ÇAĞIMIZIN DESTANLARINI YAZDI

Kemal Sadık Gökçeli’yi tanıyan çok azdır ama Yaşar Kemal dendiğinde kitap okumayan bile bilir. 1923 yılında doğan yazar aslen Vanlı ama I. Dünya Savaşı sırasındaki işgal nedeniyle ailesiyle beraber Osmaniye’ye göç etmiş. İlkokulu burada bitirmiş, orta sondan okulu terk edince öğrenim hayatı da sona ermiş. Irgatlık ve şoförlük de dahil olmak üzere 20’ye yakın işte çalışan Yaşar Kemal 1952 yılında geldiği İstanbul’da Cumhuriyet gazetesi ile Bab-ı Âli’ye adım atmış. Yaşamı boyunca politikanın ortasında yer almış. Muhtemelen yetiştiği yörenin türküleri ve destanları edebiyatla olan ilişkisinin de başlangıç noktası olmuş. Çalıştığı yerlerden biri de kütüphane olunca, Yunan klasiklerinden Türk klasiklerine kadar bir çok eseri okuma olanağı bulmuş. Eserlerinde genellikle yöre insanlarının sorunlarını anlatan Yaşar Kemal, İnce Memed, Yılanı Öldürseler gibi kitaplarla sadece Türk edebiyatına değil, aynı zamanda dünya edebiyatına da imzasını atmış. Yurtiçi ve yurtdışında birçok ödül alan Kemal, bir söyleşide şunları söylemiş: “Küreselleşme tek tip insan yetiştiriyor bugün.
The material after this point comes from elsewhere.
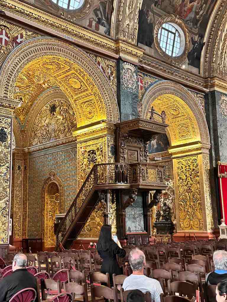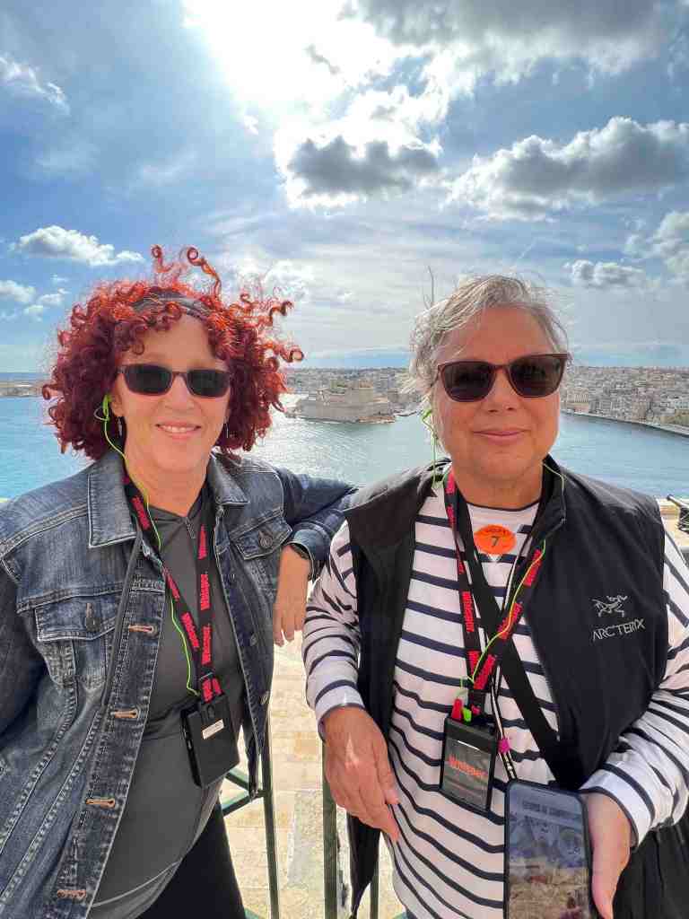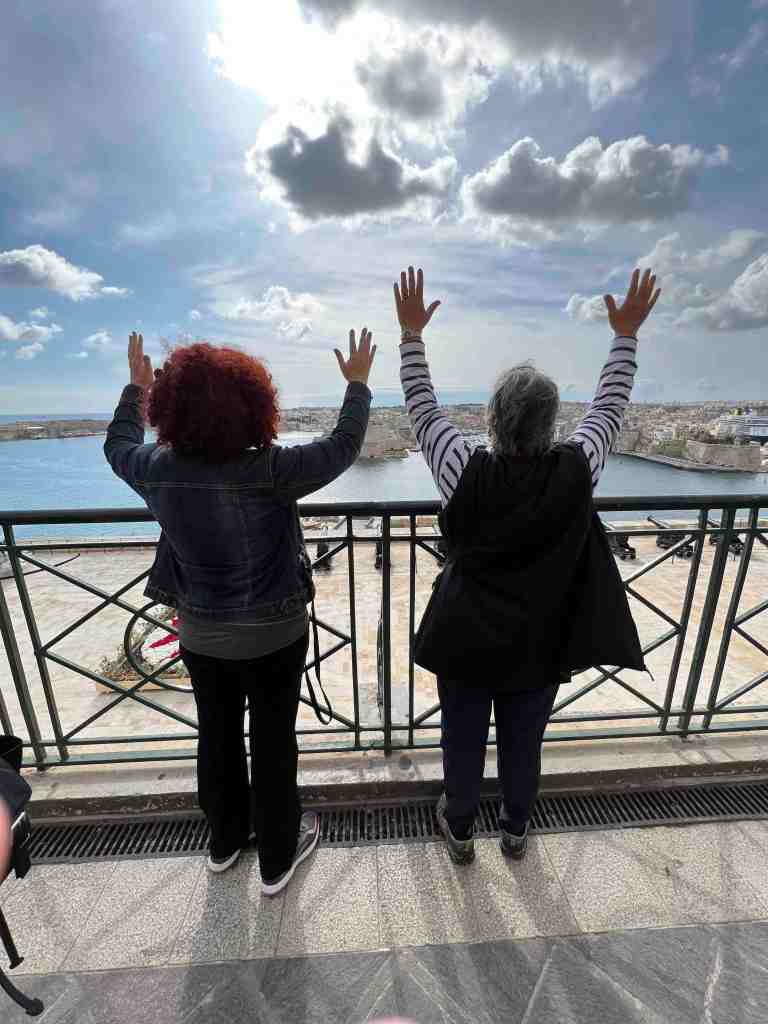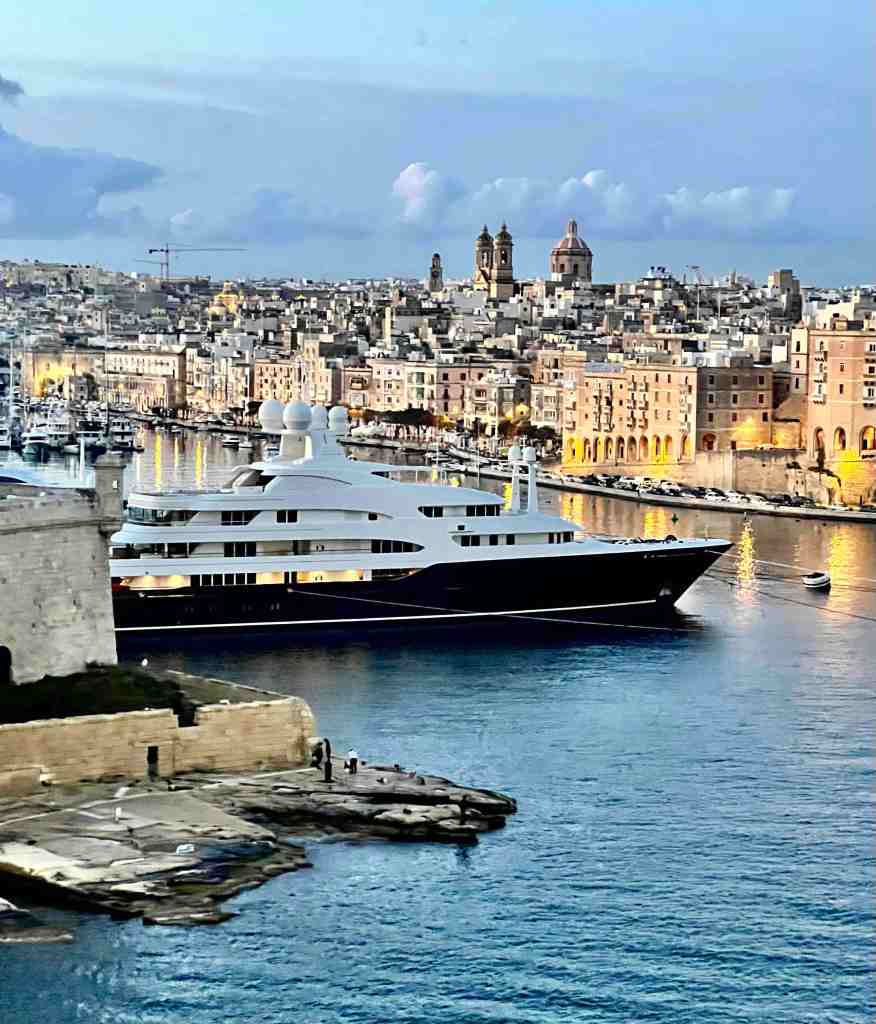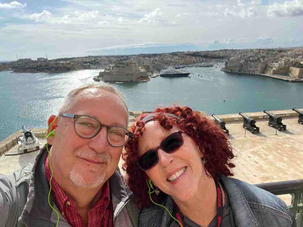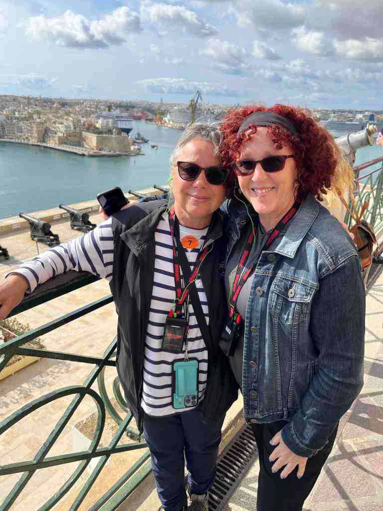 I opened the curtains at 6 am. Breathtaking! What is this magical place? We are docked right in the old city of Valletta, Malta. The full moon is sparkling on the water with the old city as the background. Valletta, the smallest capital of the European Union, is a UNESCO World Heritage Site.

Oysa dünya onbinlerce çiçekli bir kültür bahçesidir; her çiçeğin ayrı bir rengi ve kokusu vardır. Bir çiçeğin koparılması bir rengin, bir kokunun yok olmasıdır. Tek dile, tek renge kalmış bir dünya hapı yutmuştur. Bu felâketin önlenmesi için demokrasiden başka çare de yok.”